Produce a verbatim copy of the data below that contains no pictures.

=== Recorded information ===
>>
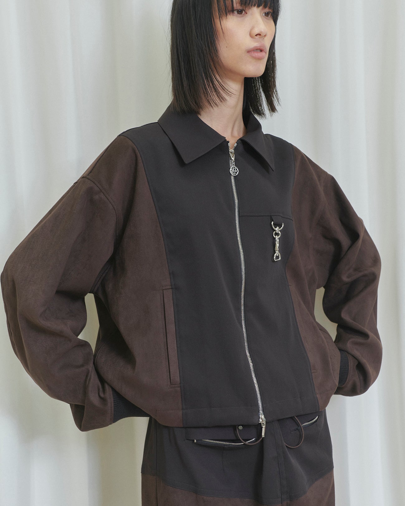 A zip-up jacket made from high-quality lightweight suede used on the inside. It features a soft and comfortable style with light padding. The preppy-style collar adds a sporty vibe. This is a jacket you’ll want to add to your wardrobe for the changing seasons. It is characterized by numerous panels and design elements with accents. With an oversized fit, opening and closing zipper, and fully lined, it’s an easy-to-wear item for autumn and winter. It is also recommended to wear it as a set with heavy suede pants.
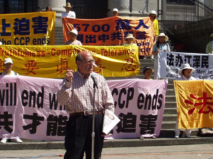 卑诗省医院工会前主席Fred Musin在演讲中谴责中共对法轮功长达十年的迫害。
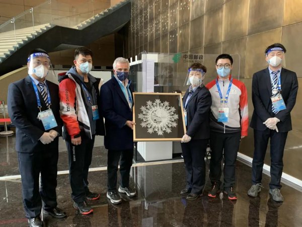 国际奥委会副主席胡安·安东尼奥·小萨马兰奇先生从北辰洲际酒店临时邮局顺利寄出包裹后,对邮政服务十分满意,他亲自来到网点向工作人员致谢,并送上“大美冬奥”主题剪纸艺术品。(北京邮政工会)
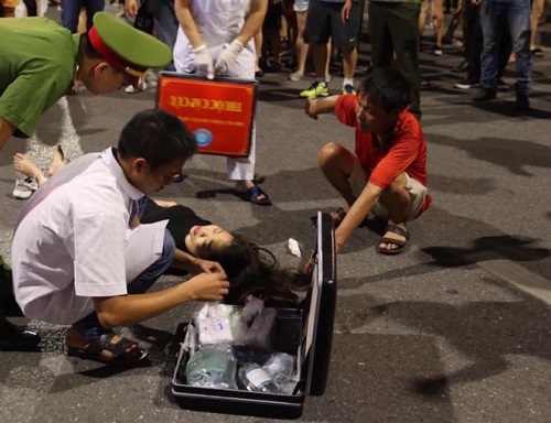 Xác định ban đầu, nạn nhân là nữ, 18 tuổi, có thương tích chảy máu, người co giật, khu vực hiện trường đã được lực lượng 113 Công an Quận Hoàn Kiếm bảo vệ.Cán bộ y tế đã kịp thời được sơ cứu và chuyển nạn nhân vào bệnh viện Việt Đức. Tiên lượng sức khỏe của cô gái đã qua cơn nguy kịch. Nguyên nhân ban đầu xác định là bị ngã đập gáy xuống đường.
<<
=== Result ===
 A zip-up jacket made from high-quality lightweight suede used on the inside. It features a soft and comfortable style with light padding. The preppy-style collar adds a sporty vibe. This is a jacket you’ll want to add to your wardrobe for the changing seasons. It is characterized by numerous panels and design elements with accents. With an oversized fit, opening and closing zipper, and fully lined, it’s an easy-to-wear item for autumn and winter. It is also recommended to wear it as a set with heavy suede pants.
 卑诗省医院工会前主席Fred Musin在演讲中谴责中共对法轮功长达十年的迫害。
 国际奥委会副主席胡安·安东尼奥·小萨马兰奇先生从北辰洲际酒店临时邮局顺利寄出包裹后,对邮政服务十分满意,他亲自来到网点向工作人员致谢,并送上“大美冬奥”主题剪纸艺术品。(北京邮政工会)
 Xác định ban đầu, nạn nhân là nữ, 18 tuổi, có thương tích chảy máu, người co giật, khu vực hiện trường đã được lực lượng 113 Công an Quận Hoàn Kiếm bảo vệ.Cán bộ y tế đã kịp thời được sơ cứu và chuyển nạn nhân vào bệnh viện Việt Đức. Tiên lượng sức khỏe của cô gái đã qua cơn nguy kịch. Nguyên nhân ban đầu xác định là bị ngã đập gáy xuống đường.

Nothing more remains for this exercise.